Other scenes for the film were shot in Calgary, Kleinburg, Hamilton and Montreal. However, due to technical problems with the sound, much of the film had to be rerecorded in the post-production phase, resulting in one of the key delays from the film's originally planned release date of early 1982. These sound issues were eventually resolved.

==Distribution==
Organizers of the Festival of Festivals attempted to secure the film as the opening gala of the 1982 Festival of Festivals; however, due to a conflict between Nielsen-Ferns, the NFB and key funder Torstar, it was unable to secure the premiere and instead opened with the Australian film We of the Never Never.

Additional production conflict was also reported between Nielsen-Ferns and the NFB, resulting in additional delays in securing distribution.
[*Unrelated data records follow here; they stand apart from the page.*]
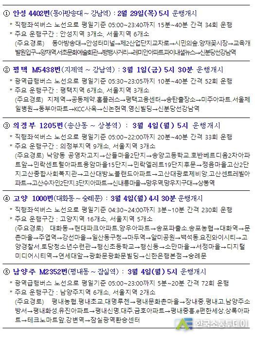 한국소통투데이 관리자 기자 | 국토교통부 대도시권광역교통위원회는 수도권 외곽에서 출발해 서울 주요지역으로 향하는 5개 광역버스 준공영제노선을 2월 29일부터 순차적으로 운행 개시한다고 밝혔다.
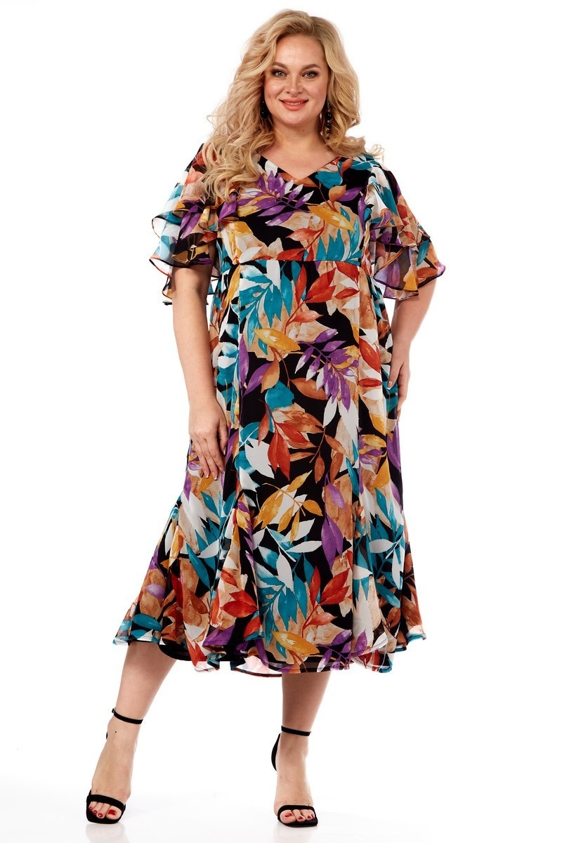 По полочке и спинке V-образный вырез и подрез чуть выше линии талии. По низу полочки и спинки вставлены клинья. Двойной волан имитирует рукав. Платье на текстильной вискозной подкладке.
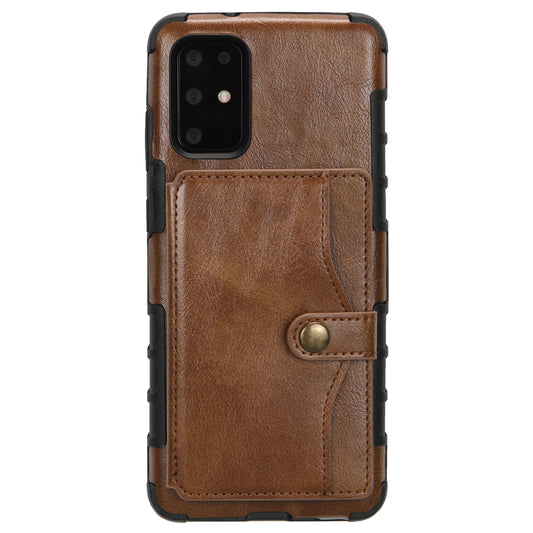 SHOUHUSHEN Retro Style Card Slots PU Leather Coated Hard PC Case for Samsung Galaxy S20 Plus - Brown
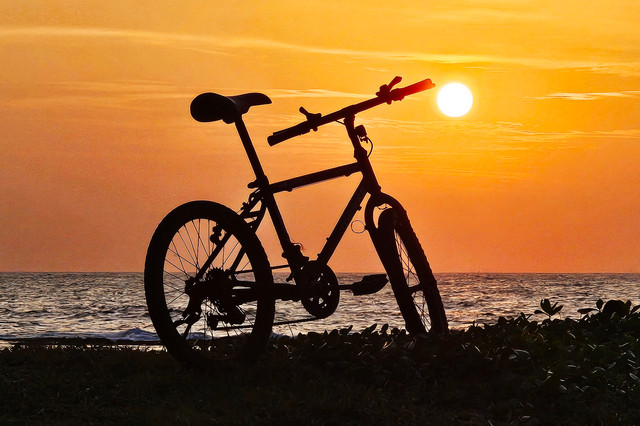 #bike #blue #breeze #golden #ocean #reflectoin #sky #summer #sunrise
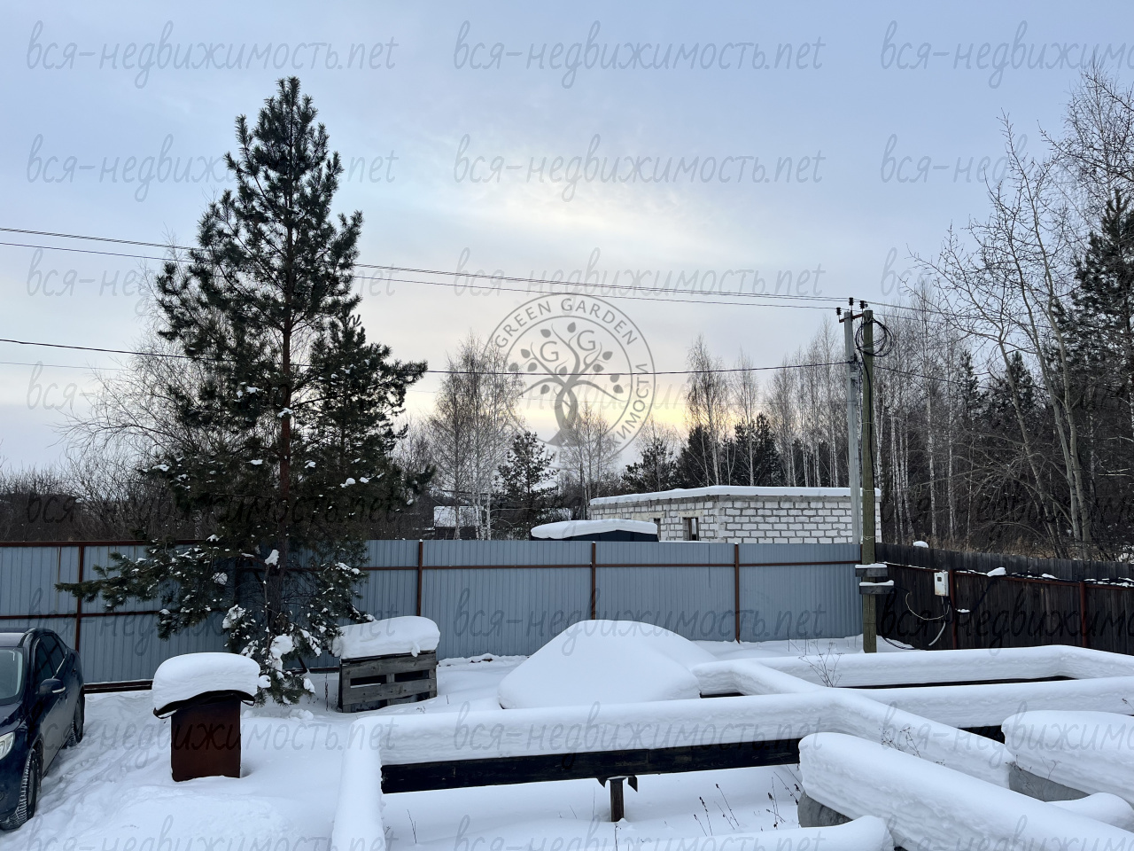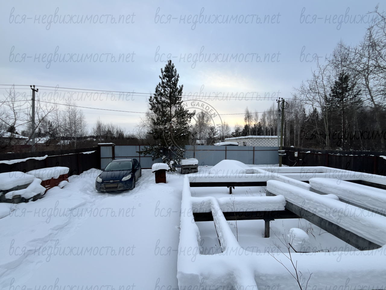 По периметру всего участка поставлен забор, сделаны ворота для заезда автомобилей.

While theatrical distribution in North America and the United Kingdom was still in flux, a subtitled version of the film was broadcast on German television in March 1983.

The film was acquired by Spectrafilm in May 1983 for theatrical distribution, and had its theatrical premiere in November. Its premiere was organized as a fundraising benefit for the Parkinson Foundation of Canada, following Findley's father's death of Parkinson's disease.

The film was subsequently screened at the 1984 Festival of Festivals as part of Eyes Write, a special program of film adaptations of literary works that was programmed in conjunction with the Harbourfront Centre.

Following its brief initial theatrical run, the film was not seen for over 35 years, until it was unearthed and licensed by the Canada Media Fund for distribution on the Encore+ YouTube channel in 2020. In 2022, Encore+ in association with Telefilm Canada commissioned the remastering of The Wars, undertaken in partnership with the National Film Board of Canada and the Stratford Festival. As of 2024, The Wars Remastered - as well as The Making of The Wars, featuring Martha Henry and leading talents looking back on the making of the film (2020) - can be streamed from the Stratford Festival's StratFest@Home digital streaming platform.

==Awards==
The film received three Genie Awards from the Academy of Canadian Cinema & Television in 1984, for Best Actress (Henry), Best Supporting Actress (Burroughs) and Best Sound Editing (Sharon Lackie, Bruce Nyznik, and Bernard Bordeleau). It was also nominated for Best Picture, Best Editing (Tony Lower), Best Overall Sound (Hans Peter Strobl), and Best Screenplay (Findley).